Оно и правда, пугать Фамора – затея глупая, но пока суть да дело, пока косматый молотобоец, хохоча, катался по земле, камешек у него из пасти выпал. И как только это случилось, ворон, что сидел на голове юной Гвендалайн, расправил крылья и вмиг Фаморово сокровище отправил себе в утробу, точно зазевавшегося мышонка. Переполошился грозный лиходей – да только поздно! Вслед за нелепым воинством Гвендалайн выступило из лесной чащи объединенное войско королей Уэльса. Тут уж Фамору не до смеха стало, не до быков с сокровищами, потому как сила силой, молот молотом, а по такой крупной мишени валлийский лучник и через час после смерти не промахнется. Упал он на колени и начал вымаливать пощаду.
А к слову будет замечено, когда Фаморы не шастают по чужим землям и не крушат своими кувалдами ни в чем не повинные жилища, они весьма умелые ремесленники, к тому же нахватавшиеся где-то тайной магической премудрости. В общем, судили-рядили, сошлись на том, что заезжий мастер сработает невиданный доселе королевский венец, который придется впору лишь тому, кому отроду судьбой начертано править островом. Чего уж тут мелочиться, размениваться на один только Уэльс – ваять так ваять! И Фамор расстарался на славу!
Соскреб серебра с лунной дорожки, собрал в жменю лучи звезд, что горят на майском небе, подбил получившуюся корону мехом солнечных зайчиков и вручил невиданную вещицу оторопевшим вождям – нате, меряйте!
Стоит ли удивляться, что всем без исключения королям Уэльса венец оказался велик и лишь юной Гвендалайн он оказался впору, хотя и голова-то у нее была не больше, чем у других. Фамор же тем временем сковал волну с волной, да и ушел по зыбкому мосту на родину за горизонт, пообещав никогда более не возвращаться.
Дальше все было как в сказке. Дочь озерной девы правила долго и счастливо, вожди были милы и послушны, народ благоденствовал. А когда пришла пора ей возвращаться к матери, вечно живущей в одном из валлийских озер, – велела повелительница острова надежно припрятать венец, говоря, что тому, кто его достоин, он сам себя откроет, как придет срок. Вроде бы венец Гвендалайн пришелся впору королю Артуру, но, прямо сказать, у знакомого мне сына Утера Пендрагона ничего подобного не было. Впрочем, кто его знает!

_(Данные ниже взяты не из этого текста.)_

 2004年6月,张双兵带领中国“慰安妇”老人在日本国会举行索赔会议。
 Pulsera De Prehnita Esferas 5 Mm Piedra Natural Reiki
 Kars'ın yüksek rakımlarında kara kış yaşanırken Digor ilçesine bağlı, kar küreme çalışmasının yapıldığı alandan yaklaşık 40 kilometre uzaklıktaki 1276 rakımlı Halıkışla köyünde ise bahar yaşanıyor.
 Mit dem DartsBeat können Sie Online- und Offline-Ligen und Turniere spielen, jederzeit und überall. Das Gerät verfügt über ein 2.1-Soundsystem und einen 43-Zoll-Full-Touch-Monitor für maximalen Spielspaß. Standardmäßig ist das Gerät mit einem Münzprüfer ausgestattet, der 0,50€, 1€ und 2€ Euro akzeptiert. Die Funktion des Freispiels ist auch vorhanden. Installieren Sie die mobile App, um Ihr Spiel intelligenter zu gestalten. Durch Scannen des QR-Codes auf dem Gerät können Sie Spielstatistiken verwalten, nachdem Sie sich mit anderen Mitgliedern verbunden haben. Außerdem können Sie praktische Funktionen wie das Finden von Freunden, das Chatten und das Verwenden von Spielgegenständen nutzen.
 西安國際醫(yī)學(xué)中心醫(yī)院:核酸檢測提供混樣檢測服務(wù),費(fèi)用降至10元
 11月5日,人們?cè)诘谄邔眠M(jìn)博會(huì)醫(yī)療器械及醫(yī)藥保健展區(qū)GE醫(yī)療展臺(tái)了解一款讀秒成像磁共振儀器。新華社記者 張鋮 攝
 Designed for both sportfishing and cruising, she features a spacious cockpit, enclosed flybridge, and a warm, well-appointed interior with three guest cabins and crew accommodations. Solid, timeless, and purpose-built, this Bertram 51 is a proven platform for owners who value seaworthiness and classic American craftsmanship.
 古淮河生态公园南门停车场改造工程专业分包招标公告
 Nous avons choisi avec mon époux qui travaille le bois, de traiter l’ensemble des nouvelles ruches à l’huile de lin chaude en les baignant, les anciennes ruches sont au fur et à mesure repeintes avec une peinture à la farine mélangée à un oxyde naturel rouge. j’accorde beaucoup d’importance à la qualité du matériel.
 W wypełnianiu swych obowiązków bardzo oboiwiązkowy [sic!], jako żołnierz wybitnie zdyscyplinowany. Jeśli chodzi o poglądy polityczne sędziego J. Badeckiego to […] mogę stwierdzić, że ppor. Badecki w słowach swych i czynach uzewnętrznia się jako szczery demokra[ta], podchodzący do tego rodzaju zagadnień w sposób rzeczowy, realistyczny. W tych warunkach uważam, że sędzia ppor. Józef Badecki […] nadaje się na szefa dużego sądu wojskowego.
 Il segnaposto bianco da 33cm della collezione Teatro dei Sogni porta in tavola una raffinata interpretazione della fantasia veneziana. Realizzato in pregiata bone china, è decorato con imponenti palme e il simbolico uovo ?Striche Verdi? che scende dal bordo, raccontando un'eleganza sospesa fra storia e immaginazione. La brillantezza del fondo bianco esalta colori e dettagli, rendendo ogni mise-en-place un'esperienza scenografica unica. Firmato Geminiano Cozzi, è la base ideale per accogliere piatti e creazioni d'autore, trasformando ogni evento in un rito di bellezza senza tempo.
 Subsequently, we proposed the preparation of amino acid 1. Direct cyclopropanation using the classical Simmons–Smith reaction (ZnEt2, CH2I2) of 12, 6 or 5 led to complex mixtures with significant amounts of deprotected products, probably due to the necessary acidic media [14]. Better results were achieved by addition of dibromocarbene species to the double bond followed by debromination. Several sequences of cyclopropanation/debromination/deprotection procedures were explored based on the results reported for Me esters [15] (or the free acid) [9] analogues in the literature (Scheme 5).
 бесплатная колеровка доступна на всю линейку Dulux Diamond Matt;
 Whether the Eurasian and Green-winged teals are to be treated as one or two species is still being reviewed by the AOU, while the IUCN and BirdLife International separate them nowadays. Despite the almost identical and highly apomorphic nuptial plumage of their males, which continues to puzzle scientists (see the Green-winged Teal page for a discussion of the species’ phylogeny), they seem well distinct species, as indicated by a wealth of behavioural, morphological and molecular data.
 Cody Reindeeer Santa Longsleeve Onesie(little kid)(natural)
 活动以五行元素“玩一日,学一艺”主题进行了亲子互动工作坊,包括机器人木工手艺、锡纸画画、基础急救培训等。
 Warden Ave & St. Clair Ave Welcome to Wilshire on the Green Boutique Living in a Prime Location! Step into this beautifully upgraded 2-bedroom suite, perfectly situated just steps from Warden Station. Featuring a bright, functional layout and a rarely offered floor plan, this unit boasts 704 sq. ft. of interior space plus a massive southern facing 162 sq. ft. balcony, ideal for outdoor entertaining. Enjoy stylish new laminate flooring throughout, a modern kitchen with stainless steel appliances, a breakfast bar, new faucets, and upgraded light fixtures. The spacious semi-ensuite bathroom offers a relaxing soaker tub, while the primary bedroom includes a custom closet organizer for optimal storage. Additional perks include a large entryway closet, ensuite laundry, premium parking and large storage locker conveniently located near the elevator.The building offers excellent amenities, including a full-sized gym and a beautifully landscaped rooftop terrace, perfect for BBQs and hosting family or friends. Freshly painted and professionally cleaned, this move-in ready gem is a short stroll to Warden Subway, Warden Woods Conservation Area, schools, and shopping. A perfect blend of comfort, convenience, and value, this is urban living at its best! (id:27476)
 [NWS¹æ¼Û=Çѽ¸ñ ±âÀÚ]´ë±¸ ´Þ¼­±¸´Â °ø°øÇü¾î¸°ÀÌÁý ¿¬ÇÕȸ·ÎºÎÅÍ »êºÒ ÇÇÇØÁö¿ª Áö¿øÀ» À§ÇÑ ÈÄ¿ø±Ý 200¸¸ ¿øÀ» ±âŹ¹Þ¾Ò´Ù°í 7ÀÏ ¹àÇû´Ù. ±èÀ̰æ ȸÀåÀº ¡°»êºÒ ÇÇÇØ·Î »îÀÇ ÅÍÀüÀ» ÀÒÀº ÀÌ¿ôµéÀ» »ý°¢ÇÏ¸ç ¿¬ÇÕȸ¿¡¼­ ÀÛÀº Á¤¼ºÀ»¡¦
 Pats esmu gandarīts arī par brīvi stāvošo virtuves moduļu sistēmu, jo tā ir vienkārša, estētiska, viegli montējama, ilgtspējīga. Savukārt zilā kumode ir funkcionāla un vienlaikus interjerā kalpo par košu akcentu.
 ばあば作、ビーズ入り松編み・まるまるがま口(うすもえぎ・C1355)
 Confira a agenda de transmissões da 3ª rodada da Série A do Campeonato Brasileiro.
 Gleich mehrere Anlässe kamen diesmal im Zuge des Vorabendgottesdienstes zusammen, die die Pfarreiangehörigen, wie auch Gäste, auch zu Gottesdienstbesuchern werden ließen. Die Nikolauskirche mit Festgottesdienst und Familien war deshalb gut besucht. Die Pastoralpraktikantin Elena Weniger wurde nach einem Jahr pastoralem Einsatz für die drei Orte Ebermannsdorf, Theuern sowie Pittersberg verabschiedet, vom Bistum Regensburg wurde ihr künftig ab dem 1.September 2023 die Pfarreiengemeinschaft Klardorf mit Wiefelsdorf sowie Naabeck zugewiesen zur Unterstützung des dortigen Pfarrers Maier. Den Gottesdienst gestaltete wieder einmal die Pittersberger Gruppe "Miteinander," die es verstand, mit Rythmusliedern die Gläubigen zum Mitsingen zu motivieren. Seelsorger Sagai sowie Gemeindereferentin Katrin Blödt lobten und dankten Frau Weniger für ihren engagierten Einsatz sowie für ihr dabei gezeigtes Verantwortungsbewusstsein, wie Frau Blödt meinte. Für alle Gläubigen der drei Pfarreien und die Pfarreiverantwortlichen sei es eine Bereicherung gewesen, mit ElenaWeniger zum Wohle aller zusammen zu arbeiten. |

– Вот так, – завершила свой вдохновенный монолог Олуэн, – смех, идя рядом с мудростью, не порочит ее. Он открывает мудрости двери!
– Замечательно! – искренне восхитился я, вытирая пальцы о плат. – Но вот интересно, при чем тут могли быть Тюдоры?
– Не знаю! – удивилась сказительница. – Кажется, ни при чем. Если хотите, могу спросить у дядюшки Филадельфа. Ему все-все ведомо!
Я не успел ей ответить.
– Трапезничаете? – В комнату, подобно штормовой волне, выбивающей двери каюты, размашистым шагом ворвался Рейли. – Сударыня! И вы, – он указал на вытянувшихся во фрунт лакеев, – я прошу вас удалиться! Представьте себе, мессир, эти чертовы бурдюки с монетами – члены палаты общин – не желают утверждать ассигнования на постройку новых кораблей. Испанцы готовят флот, чтобы напасть на нас, а эти раздувшиеся толстосумы твердят мне о займах и льготах! Нет, я либо украшу их головами Лондонский мост, либо окончательно сойду с ума! Представляете, монсеньор, мне уже призраки начали чудиться!
– Это ничего! – попытался утешить я разъяренного демократическими перегибами лорда-протектора. – Я уже встречал здесь привидение Анны Болейн. Рейнар тоже…
– Да нет же! – резко отмахнулся Уолтер. – Только что я направлялся к вам и нос к носу столкнулся во дворе с человеком, которого в первый момент принял за того бенедиктинца. Помните, того, что крутился около вас в Реймсе?
– Брат Адриен? – Мои брови удивленно поползли вверх.
– Ну да! – Рейли жестко хлопнул ладонью по столу, заставляя несъеденные взбитые сливки покрыться винным потом. – Копыто дьявола! Это точно был он! – С этими словами разъяренный правитель королевства выскочил прочь из комнаты, оставляя меня в полнейшем недоумении.
Глава 12
Я удивленно воззрился на дверь, за которой только что скрылся подвижный, точно шарик под рукой крупье, Рейли.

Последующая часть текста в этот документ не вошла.